Malgré la précarité de nos conditions de vie nous pensions avoir un avantage sur les Américains : celui de ne pas être, dans notre ferme, un objectif militaire important pour la Luftwaffe s'il venait l'idée aux Allemands de lancer un raid sur La Sénia.

Une nuit, peu de temps après notre installation, nous entendîmes des bruits de moteurs. Bientôt la longue allée qui conduisait de la route d'Oran à la ferme s'emplit de camions GMC. Ceux-ci, passant autour de la ferme, s'engageaient dans les vignes qui l'entouraient, bouleversant tout sur leur passage. Aux camions succédaient d'autres camions. Ces véhicules, qui paraissaient venir du port d'Oran, stationnaient par dizaines sur la route en attendant de pouvoir s'engager dans l'allée conduisant à la ferme.
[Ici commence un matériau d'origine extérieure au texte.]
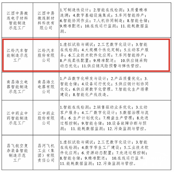 2023年11月9日第一專用車網(wǎng)記者獲悉,近日,國家工業(yè)和信息化部公示了2023年度智能制造示范工廠揭榜單位和優(yōu)秀場景名單。其中,江西共5家企業(yè)入選智能制造示范工廠揭榜單位名單,江鈴汽車股份有限公司榜上有名。這意味著江鈴集團(tuán)在深化智能制造推廣應(yīng)用上再次獲得權(quán)威認(rèn)可,成為國家智能制造領(lǐng)域的“排頭兵”。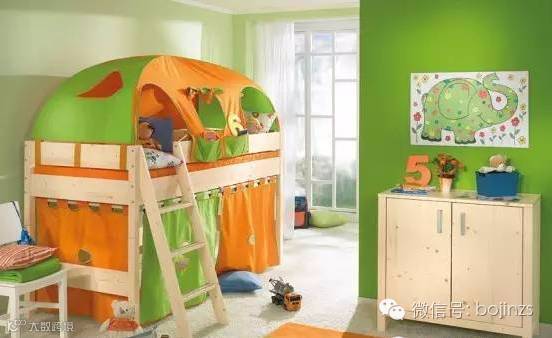儿童房主要是孩子的卧室、起居室和游戏空间,是孩子的自由天地。心理学专家建议房间装饰最好要符合孩子的生长年龄段,不同年龄特征有不同的爱好,房间的布置摆设也要随之做相应的变化。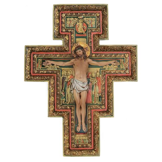 This beautiful three-dimensional rendition of the San Damiano crucifix is made of resin and measures 4½”W x 6"H. Today the original cross hangs in Santa Chiarra (St.Clare) Church in Assisi. It was while praying before this cross that Our Lord gave St. Francis of Assisi the commission to go and rebuild the Church! We celebrate St. Francis' feast day on October 4th.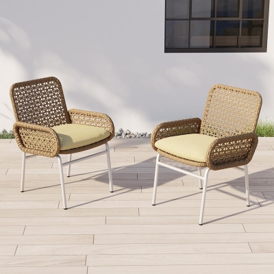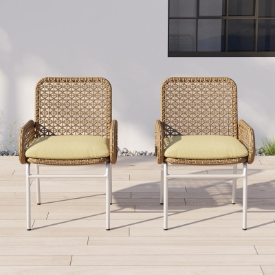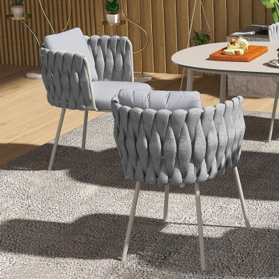 2 Pieces Mid Century Modern Aluminum & Rattan Outdoor Patio Dining Chair Armchair Gray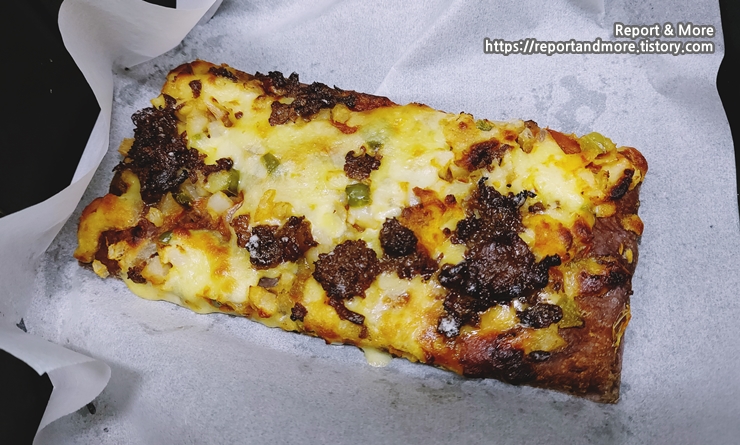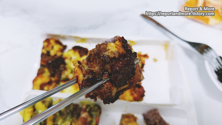 (4) 자연방목 채끝살 피자: 양념의 강한 맛 때문인지, 이 중에서는 그나마 피자라고 말할 수는 있으나, 자연 방목한 소가 엉덩이(채끝)만 보여주고, 도망간 맛

Le vacarme dura toute la nuit. Au petit matin nous vîmes que les propriétés avaient été saccagées. Mais, surtout, nous observâmes avec anxiété que des milliers de caisses de munitions, bombes et explosifs divers, entouraient maintenant, de loin en loin, notre ferme. A perte de vue. Alors il fallut déchanter et se faire à l'idée que nous étions devenus aussi un objectif militaire important pour les Allemands.

Cependant les semaines passèrent et rien ne se produisit. Les Allemands ayant beaucoup trop à faire ailleurs ne vinrent pas bombarder La Sénia.

Notre séjour à la ferme dura de novembre 42 à mars 43. Afin de situer le cadre dans lequel nous vivions transportons-nous un instant, de nuit, dans la chambrée des sous-officiers. Les hommes qui dorment là, sur leur échafaudage de fortune, ne disposent, durant leur vie quotidienne, d'aucune facilité pour s'assurer une hygiène normale. A la ferme il n'existe qu'un puits, avec une pompe à main, pour l'ensemble du personnel. De ce fait, aux miasmes d'origine porcine montant du sol de la pièce, viennent s'ajouter des odeurs corporelles insupportables. On ne peut également -passer sous silence- les émanations émises, en toute liberté, de jour comme de nuit, sous forme de bruits malodorants, par les soldats de la république. Pour les militaires il s'agit là d'une tradition démocratique. De nos jours le langage politico-intellectuel qualifierait peut être ces bruits d' "initiatives citoyennes".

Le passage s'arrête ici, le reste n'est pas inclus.